Boca Raton and Palm Beach County asked a federal appeals court Friday to reconsider a potentially far-reaching ruling that blocked bans on the controversial practice known as conversion therapy.
Attorneys for the city and county filed a petition seeking a rehearing by the full 11th U.S. Circuit Court of Appeals or by a panel that last month ruled local ordinances banning conversion therapy violated the First Amendment.
The ordinances barred therapists from providing treatment or counseling that is designed to change minors’ sexual orientation or gender identity.
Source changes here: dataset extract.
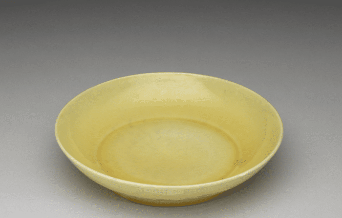 黄釉瓷中,又以明代宣德时期创烧出娇黄釉最为著名,娇黄釉在弘治时期被发扬光大。
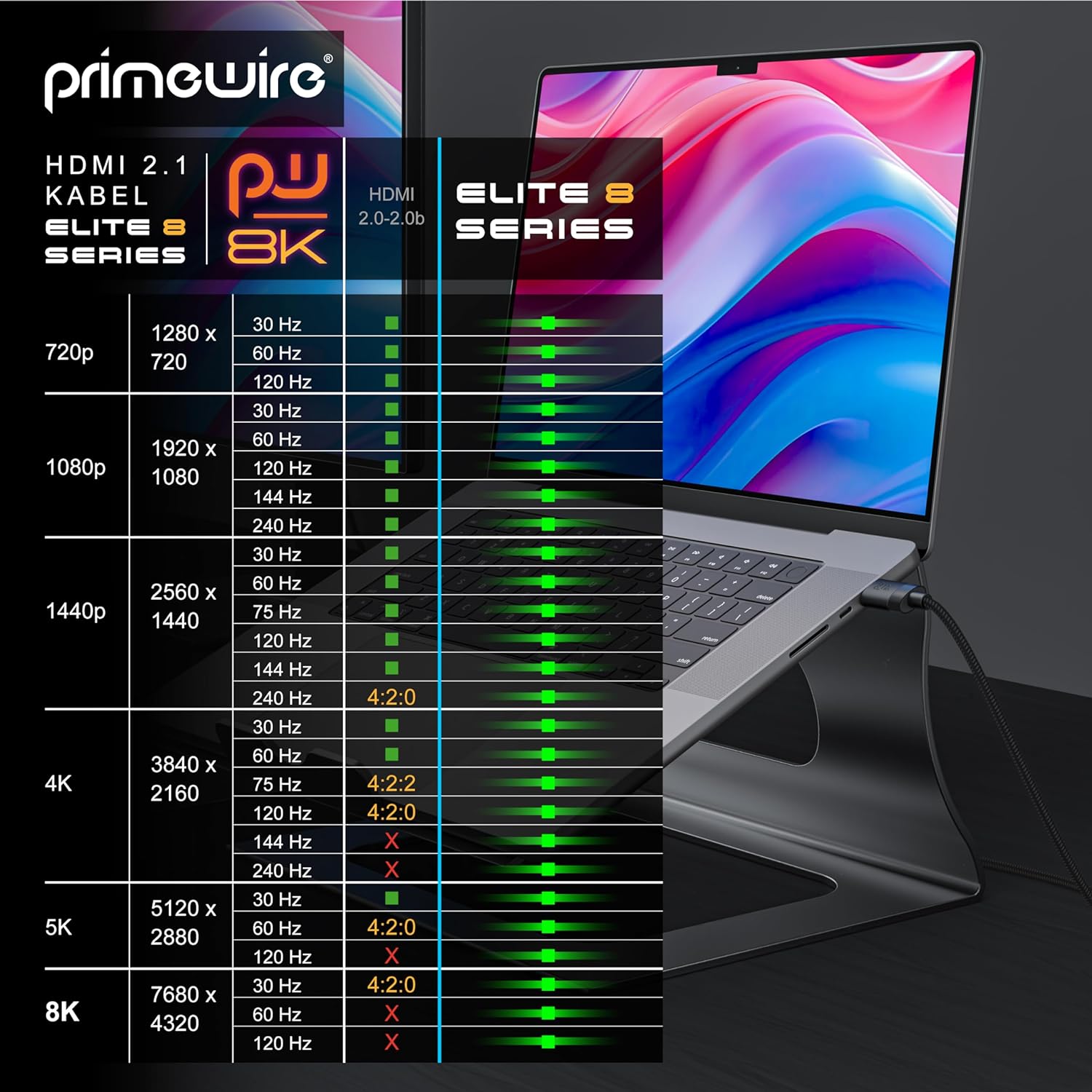 - Willkommen im Zeitalter von 8k. Geniessen Sie HD-Videos und digitale Audiosignale in höchster Qualität! Das zukunftssichere HDMI-Kabel entspricht der HDMI 2.1-Spezifikation und überträgt Bilder in exzellenter Auflösung: bis zu 7680 x 4320 @ 120 Hz

Critics of such therapy say it harms minors who are lesbian, gay, bisexual or transgender. But a panel of the Atlanta-based appeals court, in a 2-1 decision on Nov. 20, sided with marriage and family therapists Robert Otto and Julie Hamilton, who challenged the constitutionality of the ordinances.
While acknowledging the controversy of the issue, the majority of the three-judge panel said the ordinances violated the rights of therapists who want to provide such treatment or counseling.
The majority opinion overturned a lower-court decision and ordered that preliminary injunctions be entered against the ordinances. The petition filed Friday raised a series of arguments, including contending that the “majority overlooks precedent requiring, in this context, that the (appeals) court defer to factual findings of the district court unless clearly erroneous.”